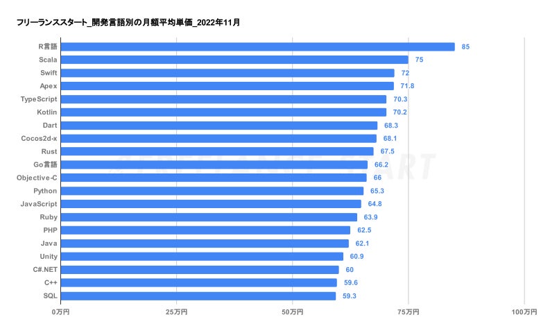 下記画像は、フリーランススタートが分析した、言語別の平均単価です。
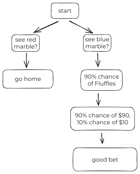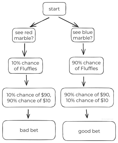 As you’d expect, a blue marble means you’ve probably got Fluffles, so you should take the deal. A red marble means you’ve probably got Snowcone, so you shouldn’t.
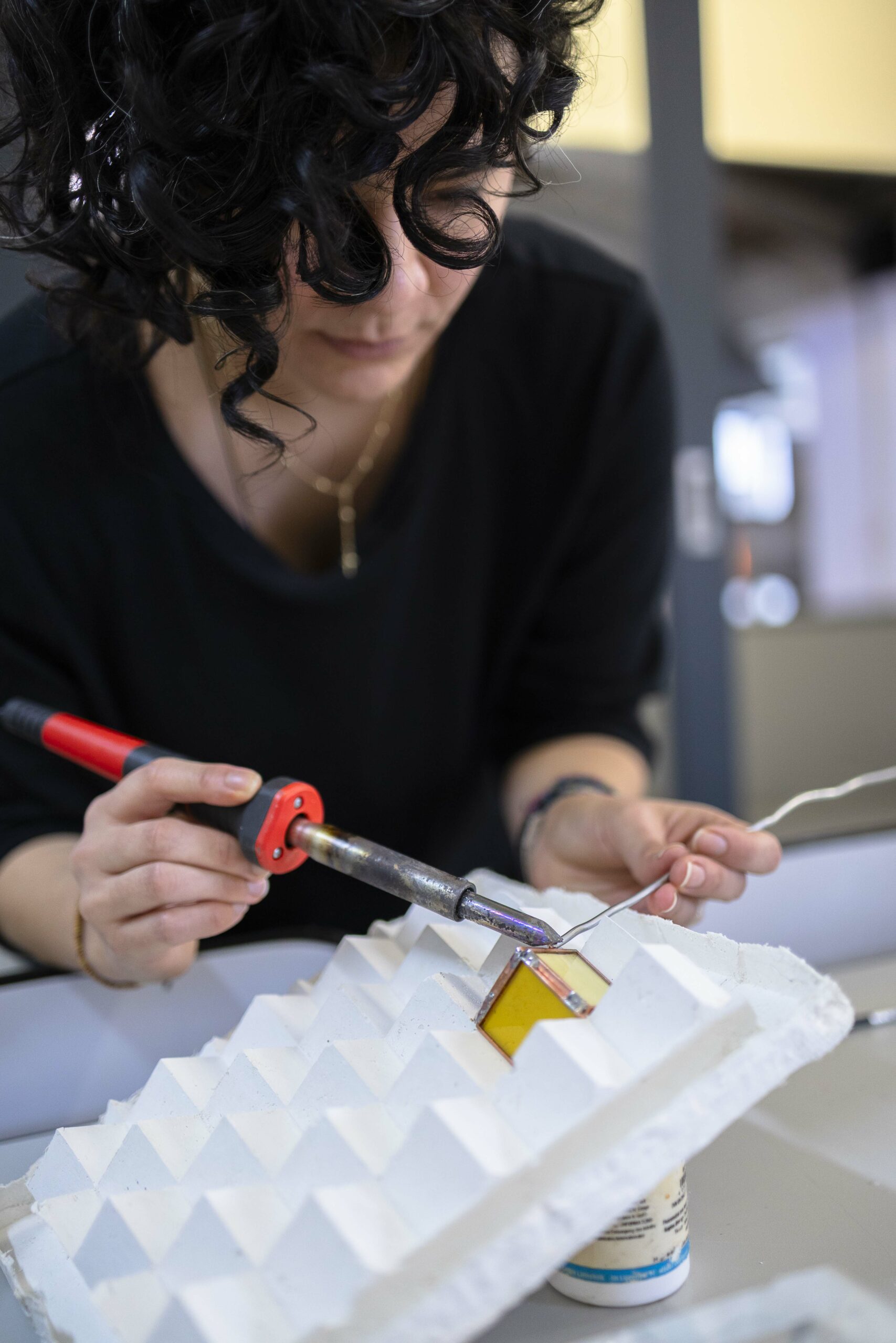Élaborer une composition géométrique en relief à l’aide d’un support spécialement conçu à cet effet.

• _Work to complete_:
A word-for-word repetition of the data above, without pictures, is the expected answer.

• _Solution for this task_:
 下記画像は、フリーランススタートが分析した、言語別の平均単価です。
 As you’d expect, a blue marble means you’ve probably got Fluffles, so you should take the deal. A red marble means you’ve probably got Snowcone, so you shouldn’t.
Élaborer une composition géométrique en relief à l’aide d’un support spécialement conçu à cet effet.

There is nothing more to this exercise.